Of note is the troubled Postal Service Retiree Health Benefits Fund, one of USPS’s three main investment areas and the focus of the 2022 bailout. According to USPS’s inspector general, it would have “$74 billion, or 2.1 times the current value” if it had taken this diversified investment approach beginning in 2007, when the fund was launched.
GAO also noted that at the end of fiscal year 2022, USPS’s “long-term unfunded liabilities and debt totaled about $144 billion or about 184 percent of USPS’s fiscal year 2022 revenue.”
USPS is, by law, supposed to be self-supporting and there is no reason that the consumers of postal services, today often big businesses, should not be able to pay for them, if costs are kept in line and properly allocated. PSRA, though, ignores costs and keeps antiquated cost allocation systems in place.
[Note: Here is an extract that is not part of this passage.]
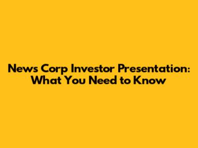 News Corp Investor Presentation: What You Need To Know

The rush to enact the legislation prevented serious consideration of investing retirement funds in stocks and bonds.
Furthermore, the Postal Service’s regulators need far greater resources and statutory authority. The Postal Regulatory Commission has a staff of about 70 and an annual budget of near $21 million, a pittance compared with the USPS’s 700,000 employees and more than $70 billion in revenues.
It is time for Congress to go back to the drawing board on postal reform. And it should be done before USPS runs out of cash in three years or so.
Paul Steidler is a senior fellow with the Lexington Institute, a public policy think tank based in Arlington, Va.